# EXERCISE GOAL
Give back the whole listing verbatim, printing none of its pictures.
SUPPLIED MATERIAL: Begin
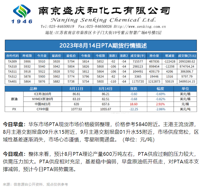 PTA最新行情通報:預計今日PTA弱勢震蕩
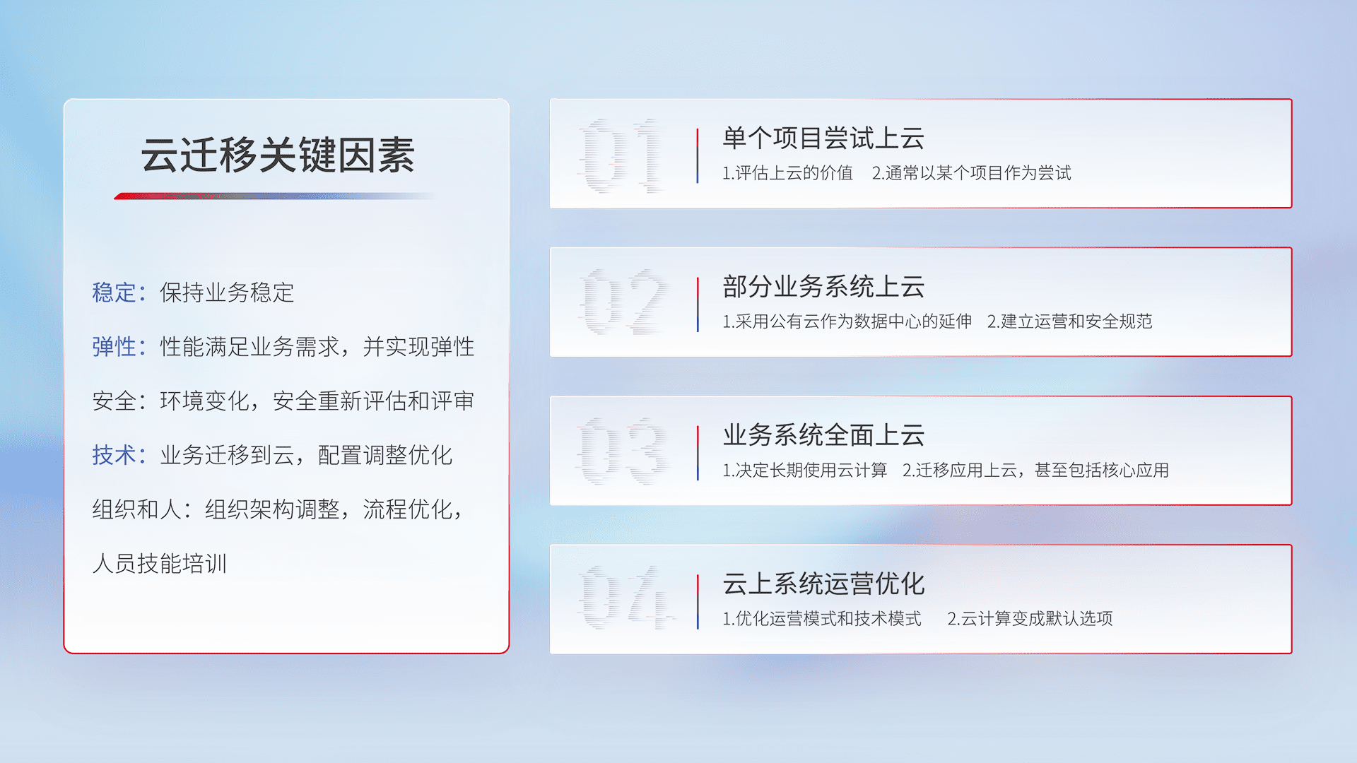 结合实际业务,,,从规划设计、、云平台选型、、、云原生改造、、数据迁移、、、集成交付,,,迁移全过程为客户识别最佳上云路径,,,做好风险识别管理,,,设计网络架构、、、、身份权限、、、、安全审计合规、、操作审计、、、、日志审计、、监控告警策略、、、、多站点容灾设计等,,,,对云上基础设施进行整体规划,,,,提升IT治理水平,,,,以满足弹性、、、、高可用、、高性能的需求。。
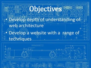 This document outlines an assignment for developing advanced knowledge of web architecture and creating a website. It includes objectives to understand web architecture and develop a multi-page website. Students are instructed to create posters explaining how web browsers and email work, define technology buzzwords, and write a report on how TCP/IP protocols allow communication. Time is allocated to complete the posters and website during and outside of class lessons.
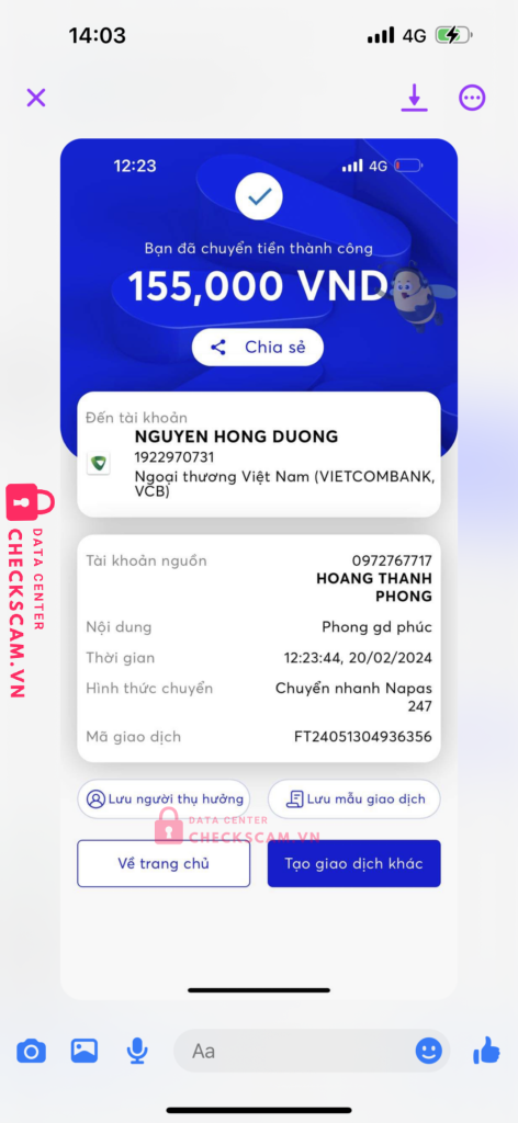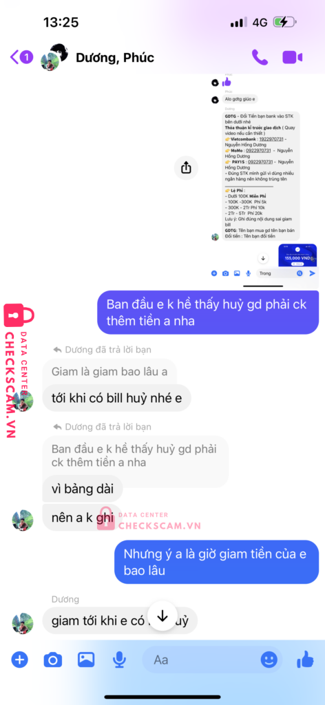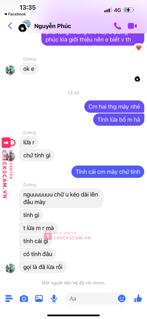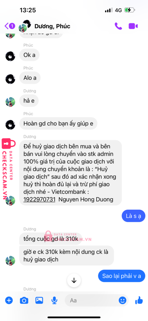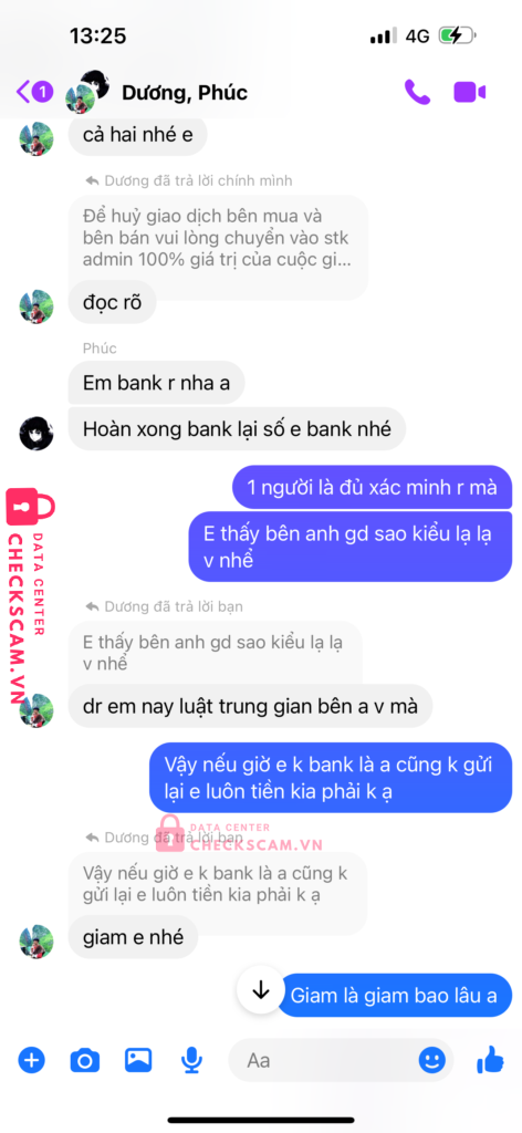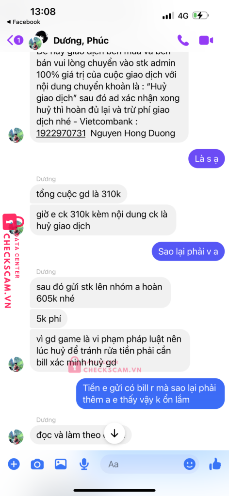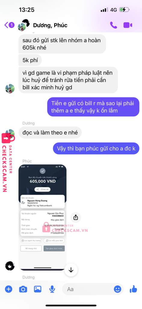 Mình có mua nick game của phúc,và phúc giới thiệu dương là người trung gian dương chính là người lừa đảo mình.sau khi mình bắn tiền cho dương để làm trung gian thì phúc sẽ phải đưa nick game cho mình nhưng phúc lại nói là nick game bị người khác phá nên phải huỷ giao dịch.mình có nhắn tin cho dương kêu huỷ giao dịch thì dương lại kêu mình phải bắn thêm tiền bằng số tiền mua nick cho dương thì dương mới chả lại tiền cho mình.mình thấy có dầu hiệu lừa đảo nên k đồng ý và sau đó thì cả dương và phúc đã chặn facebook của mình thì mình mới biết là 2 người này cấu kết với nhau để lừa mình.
SUPPLIED MATERIAL: End
# RESPONSE
 PTA最新行情通報:預計今日PTA弱勢震蕩
 结合实际业务,,,从规划设计、、云平台选型、、、云原生改造、、数据迁移、、、集成交付,,,迁移全过程为客户识别最佳上云路径,,,做好风险识别管理,,,设计网络架构、、、、身份权限、、、、安全审计合规、、操作审计、、、、日志审计、、监控告警策略、、、、多站点容灾设计等,,,,对云上基础设施进行整体规划,,,,提升IT治理水平,,,,以满足弹性、、、、高可用、、高性能的需求。。
 This document outlines an assignment for developing advanced knowledge of web architecture and creating a website. It includes objectives to understand web architecture and develop a multi-page website. Students are instructed to create posters explaining how web browsers and email work, define technology buzzwords, and write a report on how TCP/IP protocols allow communication. Time is allocated to complete the posters and website during and outside of class lessons.
 Mình có mua nick game của phúc,và phúc giới thiệu dương là người trung gian dương chính là người lừa đảo mình.sau khi mình bắn tiền cho dương để làm trung gian thì phúc sẽ phải đưa nick game cho mình nhưng phúc lại nói là nick game bị người khác phá nên phải huỷ giao dịch.mình có nhắn tin cho dương kêu huỷ giao dịch thì dương lại kêu mình phải bắn thêm tiền bằng số tiền mua nick cho dương thì dương mới chả lại tiền cho mình.mình thấy có dầu hiệu lừa đảo nên k đồng ý và sau đó thì cả dương và phúc đã chặn facebook của mình thì mình mới biết là 2 người này cấu kết với nhau để lừa mình.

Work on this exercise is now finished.